PROBLEM: Nothing but the lines from the one containing "Star wars Disney" through the last line of the records belongs in the answer, copied exactly and with the pictures left out.

Stored data:
....................

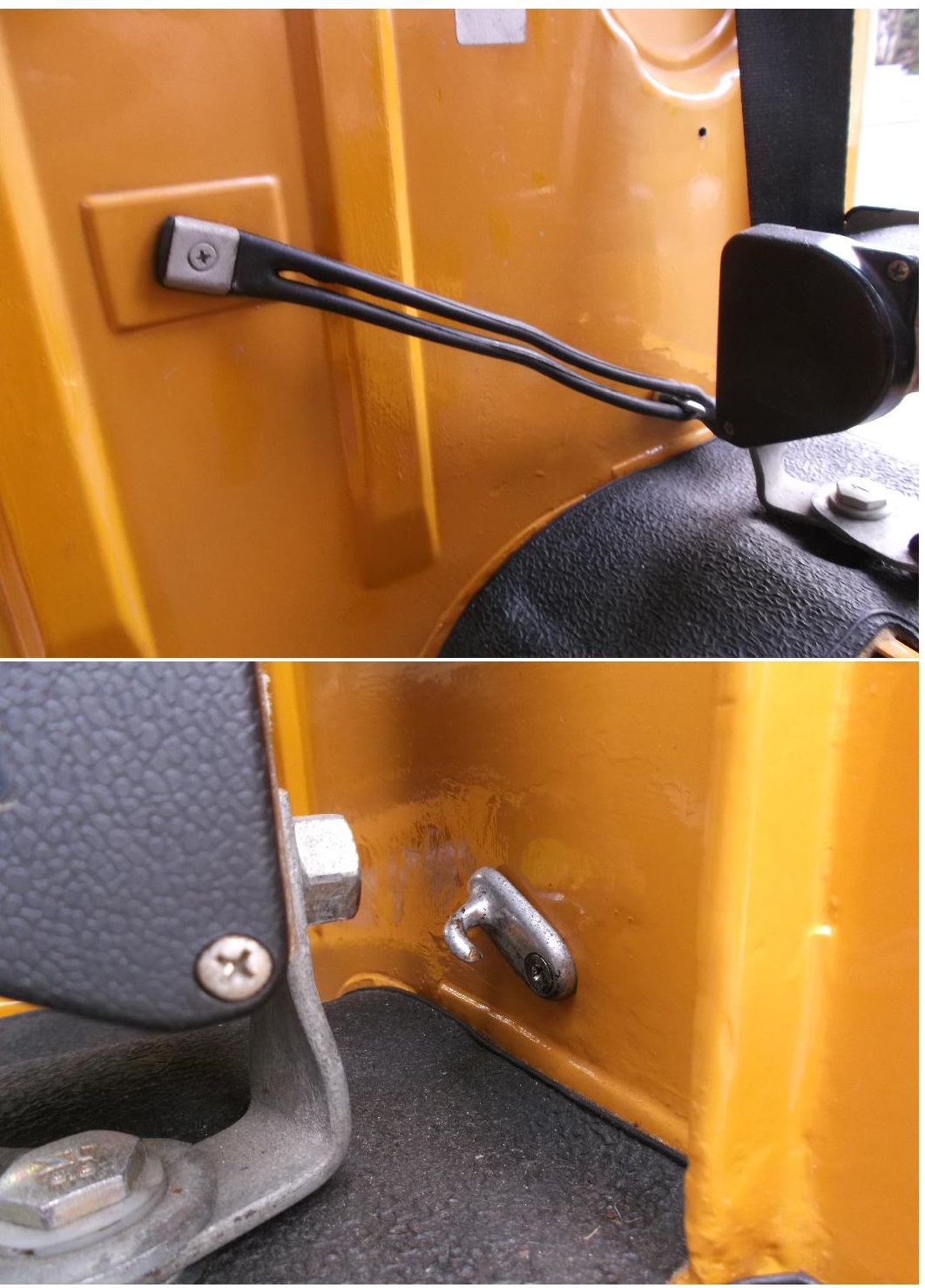 Genau, aber auch noch beim T2 a/b und zur Befestigung an der Trennwand gibt es dann noch eine Schelle sowie einen Haken. Oben das Gummiteil scheint mir der Anschlag rechts oben für die Fahrerlehne zu sein.
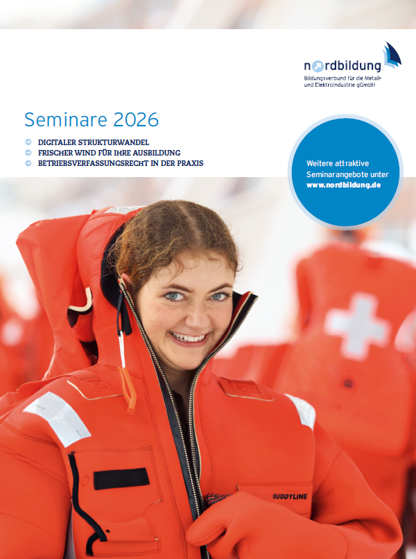 Laden Sie sich die Broschüre für das Jahr 2026 herunter und melden Sie sich schon jetzt bei dem jeweils zuständigen NORDBILDUNG-Partner an. Die Verbände NORDMETALL und AGV NORD übernehmen für Sie und Ihre Kolleginnen und Kollegen die Seminargebühren für die in der Broschüre genannten Terminangebote ganz oder anteilig. So lange Plätze frei sind.
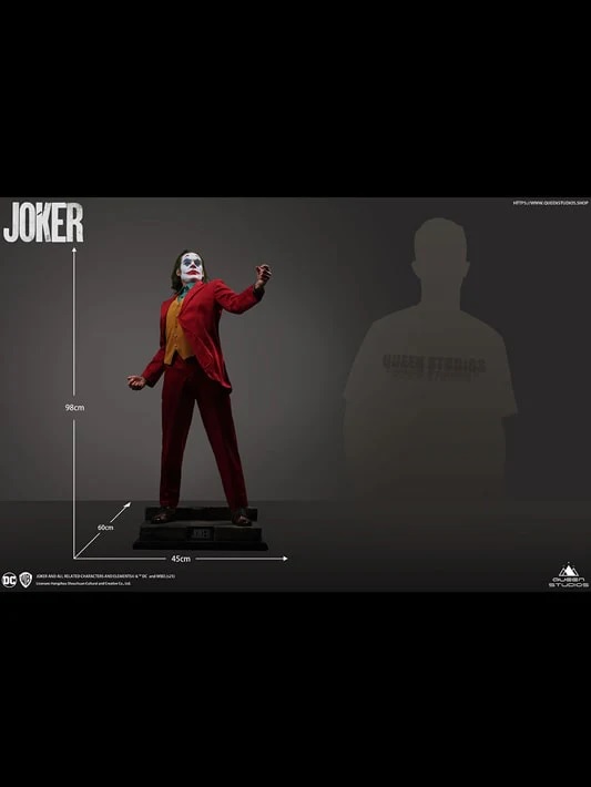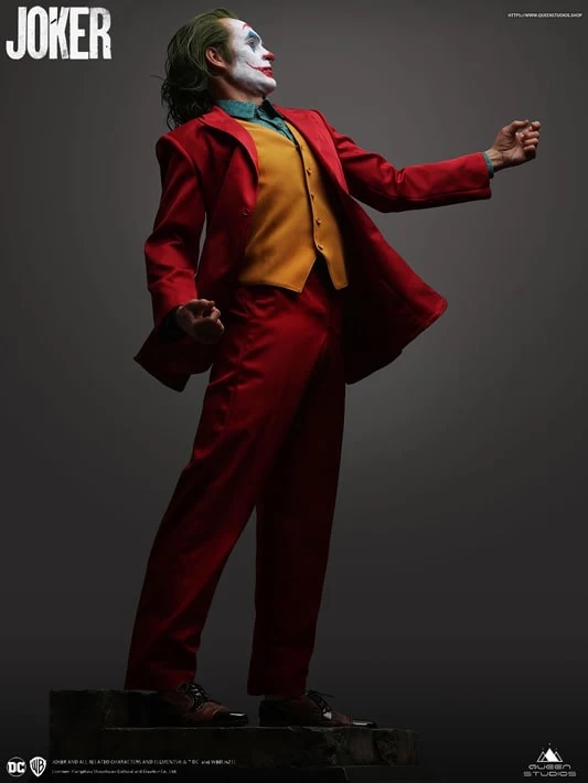 As Arthur becomes "Joker", he takes to the streets and dances his way to the late-night show "Live! With Murray Franklin". To further celebrate this transformation. Queen Studios' artist have chosen this staircase dance as the pose for the Joker 1:2 scale silicone statue. Fleck is stood mid-dance, lifting his left arm into the air, looking more contented than ever. Joker is wearing his now iconic royal red suit, goldbrick yellow waistcoat and a patterned blue shirt.
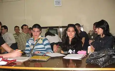 Well, your colleague begins drawing a diode; is she drawing it in the right direction? By the way, I know there are diodes that are usually connected in a reverse direction. What are they? Students: ...zener diodes... Right but let's use an ordinary diode. Only, let's connect it correctly... Is the circuit written correctly?
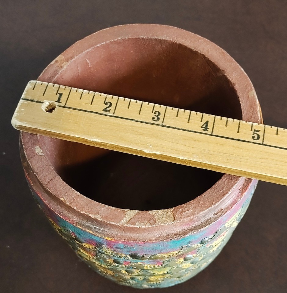 - Vintage Clay Pottery Planter Terracotta Flower Pot ribbed metal accents India
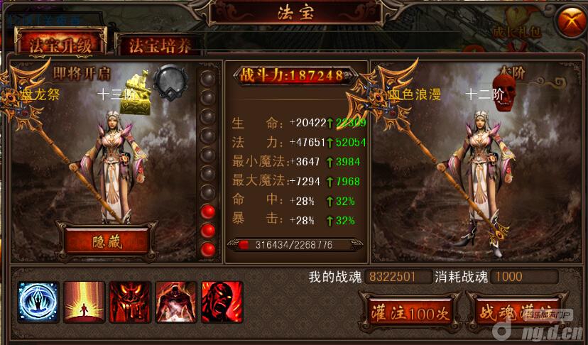 法宝需要消耗战魂进行升级,战魂可以通过任务或商城购买战魂丹来获得,法宝升级后不仅从外观还有属性加成方面都有了大幅度的提升。
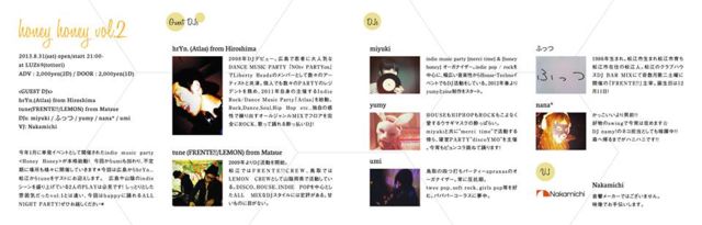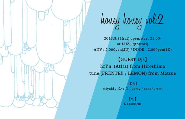 今年1月に単発イベントとして開催されたindie music party<honey honey>が本格始動!今回からumiも加わり、不定期に場所も様々に開催していきます*今回は広島からhrYn.、松江からtuneをゲストにお迎えします。広島や山陰のindieシーンを盛り上げている2人のPLAYは必見です!しっとりとした雰囲気だったvol.1とは違い、今回はhappyに踊れるALL NIGHT PARTY!ぜひお越しください*
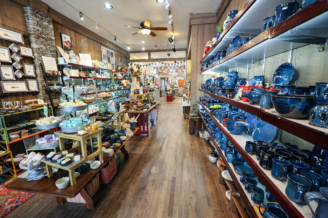 Main Street — with its four stops — is a great place to start your tour. You’ll find The Mountain Thread Company and High Country Candles in the historic Martin House, one of the oldest remaining buildings in town. See artisans at work at The Mountain Thread Company as they create quilts, rope baskets, and fabric arts in the sunny shop and studio. At High Country Candles, intricately carved candles, wax-filled jars with mountain-inspired scents like Blackberry Sage, and colorful pillars fill the shelves.
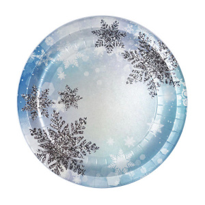 Тарелки бумажные Снежинки 23 см., 6 штук
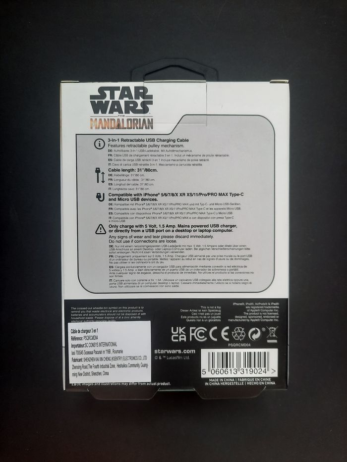 Star wars Disney The mandalorian Retractable cable usb 3 en 1 ( type C, iPhone, micro)
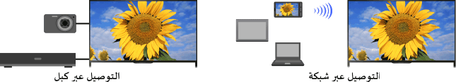 صل الأجهزة المختلفة (على سبيل المثال مسجل BD، وكاميرا الصور الثابتة، والكمبيوتر الشخصي، والهاتف الذكي، والجهاز اللوحي) بالتلفزيون. ويمكنك الاستمتاع بتشغيل المحتوى مثل الصور والموسيقى على الجهاز المتصل.

....................

YOUR SOLUTION:
 Star wars Disney The mandalorian Retractable cable usb 3 en 1 ( type C, iPhone, micro)
 صل الأجهزة المختلفة (على سبيل المثال مسجل BD، وكاميرا الصور الثابتة، والكمبيوتر الشخصي، والهاتف الذكي، والجهاز اللوحي) بالتلفزيون. ويمكنك الاستمتاع بتشغيل المحتوى مثل الصور والموسيقى على الجهاز المتصل.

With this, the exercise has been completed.